Directions: For the entries that follow, produce an exact copy with no pictures in it.

** Information follows **

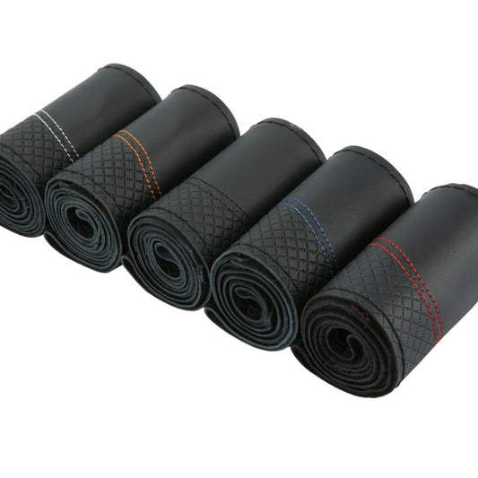 38cm Four-Season Embossed Hand-Sewn Cowhide Steering Wheel Cover(Black+Red Line)
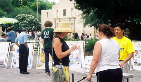沿场地四周排列的真象展板向人们讲述了法轮大法的洪传,中共江氏集团在中国对法轮功的迫害,在海外对法轮功学员的骚扰,以及法轮功学员全球范围的反迫害和各界对法轮功的声援。
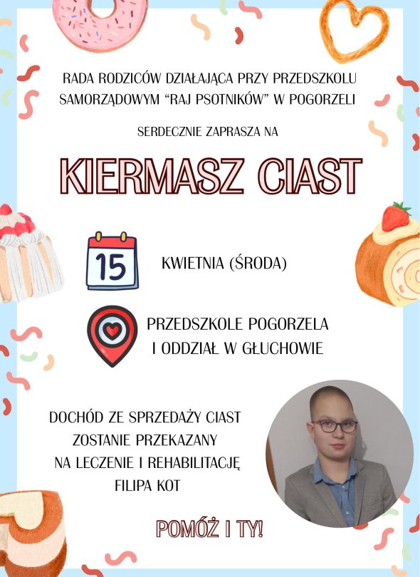 15 kwietnia 2026 roku w Przedszkolu Samorządowym „Raj Psotników” w Pogorzeli oraz w oddziale w Głuchowie odbędzie się kiermasz ciast organizowany przez Radę Rodziców. Dochód ze sprzedaży wypieków zostanie przeznaczony na leczenie i rehabilitację Filipa Kota.
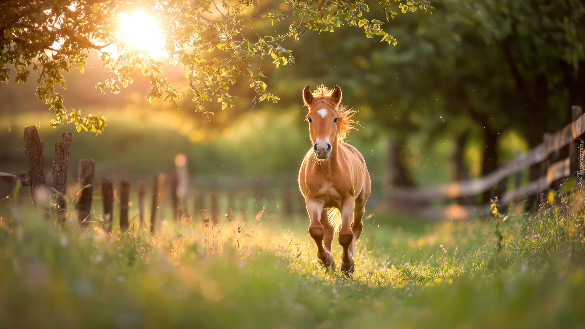 Edytor tapety: Galopujący koń po trawie w słonecznym blasku
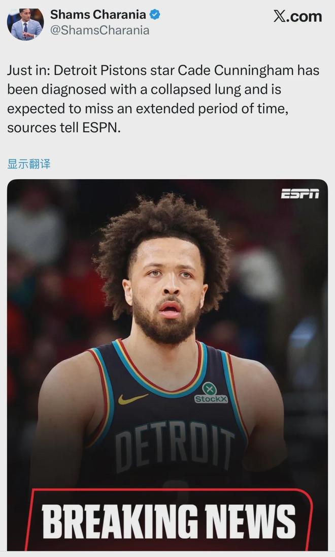 不过必须要承认,因为坎宁安意外倒下,活塞可能就此退出了争冠行列,除非前者能在季后赛开打前及时满血归来。
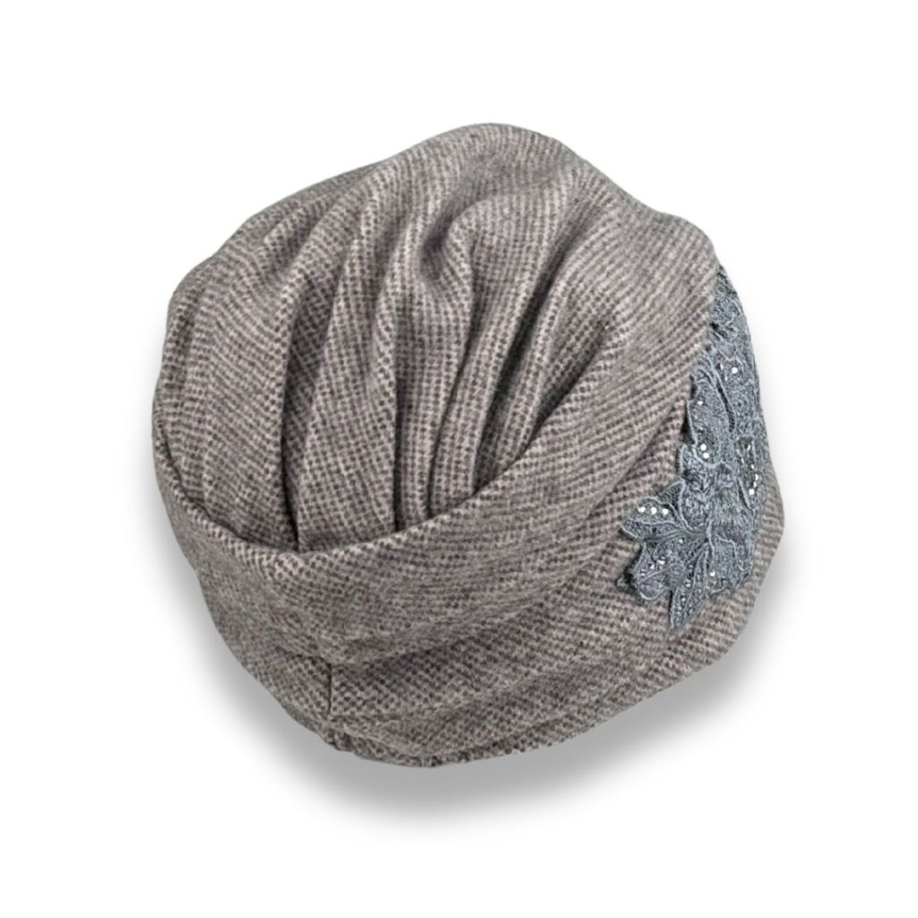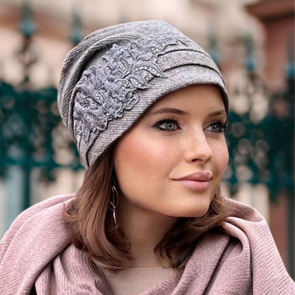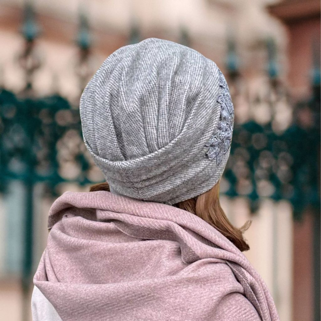 Dámská čepice v šedorůžovém melanž je úžasně řemeslně zpracovaná na dotek z velmi příjemného a jemného materiálu. Čepice má flísovou podšívku a je ozdobená krajkovou aplikací s kamínky tón v tónu. Tuto celoroční čepici doladíte i k ležérnímu stylu oblečení. Velikost vhodná na obvod hlavy 55 cm - 58 cm.
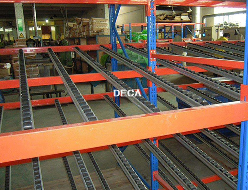 流利式貨架特性:流利式貨架通常由中型橫梁貨架演變而來,每層前後橫梁之間以一定的坡度(約3°)放置滾輪式鋁合金或流利條。貨物通常用紙包裝或放在幹燥的塑料周轉箱中,貨物的流動和先進先出是通過自身重量來實現的。單位貨架每層荷載一般小於1000kg,流利式貨架高度小於2.5m。
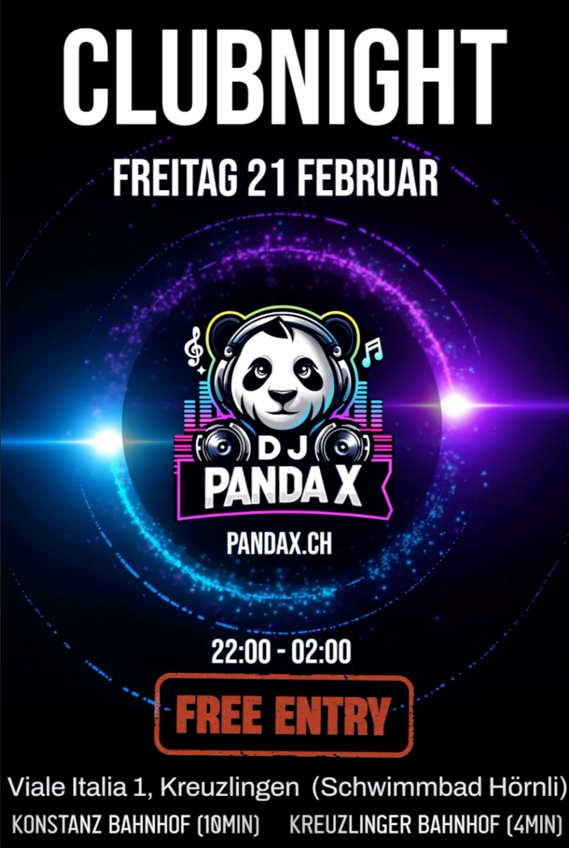 Electronic Night mit DJ PandaX in Kreuzlingen (nähe Schwimmbad Hörnli) Feb. 14 Featured 14 Februar @ 22:00 - 2:00 Electronic Night mit DJ PandaX in Kreuzlingen (nähe Schwimmbad Hörnli)
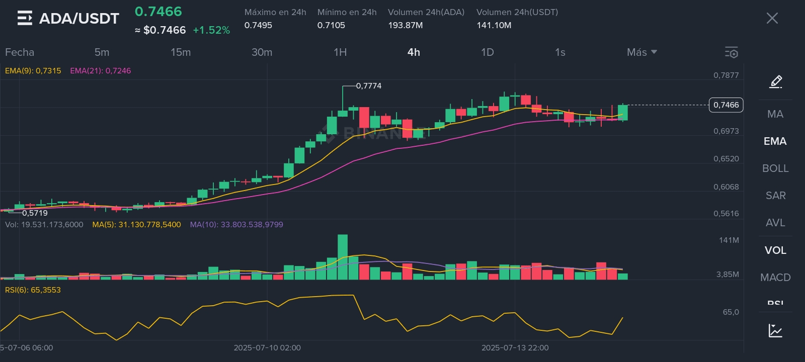Aktueller Preis: ≈ $0.748 (steigend +28 % in der Woche)
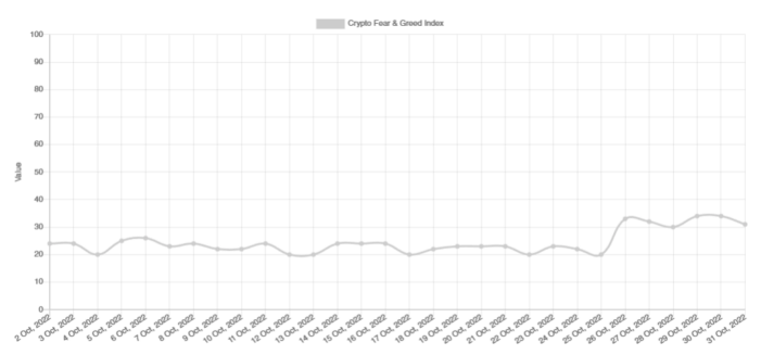 در زمان انتشار، شاخص ترس و طمع در ارزش 30 قرار دارد و «ترس» در میان اکثر معاملهگران و سرمایهگذاران ارزهای دیجیتال خردهفروشی حاکم است.

** End of Information **

Reply to the exercise:
 38cm Four-Season Embossed Hand-Sewn Cowhide Steering Wheel Cover(Black+Red Line)
沿场地四周排列的真象展板向人们讲述了法轮大法的洪传,中共江氏集团在中国对法轮功的迫害,在海外对法轮功学员的骚扰,以及法轮功学员全球范围的反迫害和各界对法轮功的声援。
 15 kwietnia 2026 roku w Przedszkolu Samorządowym „Raj Psotników” w Pogorzeli oraz w oddziale w Głuchowie odbędzie się kiermasz ciast organizowany przez Radę Rodziców. Dochód ze sprzedaży wypieków zostanie przeznaczony na leczenie i rehabilitację Filipa Kota.
 Edytor tapety: Galopujący koń po trawie w słonecznym blasku
 不过必须要承认,因为坎宁安意外倒下,活塞可能就此退出了争冠行列,除非前者能在季后赛开打前及时满血归来。
 Dámská čepice v šedorůžovém melanž je úžasně řemeslně zpracovaná na dotek z velmi příjemného a jemného materiálu. Čepice má flísovou podšívku a je ozdobená krajkovou aplikací s kamínky tón v tónu. Tuto celoroční čepici doladíte i k ležérnímu stylu oblečení. Velikost vhodná na obvod hlavy 55 cm - 58 cm.
 流利式貨架特性:流利式貨架通常由中型橫梁貨架演變而來,每層前後橫梁之間以一定的坡度(約3°)放置滾輪式鋁合金或流利條。貨物通常用紙包裝或放在幹燥的塑料周轉箱中,貨物的流動和先進先出是通過自身重量來實現的。單位貨架每層荷載一般小於1000kg,流利式貨架高度小於2.5m。
 Electronic Night mit DJ PandaX in Kreuzlingen (nähe Schwimmbad Hörnli) Feb. 14 Featured 14 Februar @ 22:00 - 2:00 Electronic Night mit DJ PandaX in Kreuzlingen (nähe Schwimmbad Hörnli)
Aktueller Preis: ≈ $0.748 (steigend +28 % in der Woche)
 در زمان انتشار، شاخص ترس و طمع در ارزش 30 قرار دارد و «ترس» در میان اکثر معاملهگران و سرمایهگذاران ارزهای دیجیتال خردهفروشی حاکم است.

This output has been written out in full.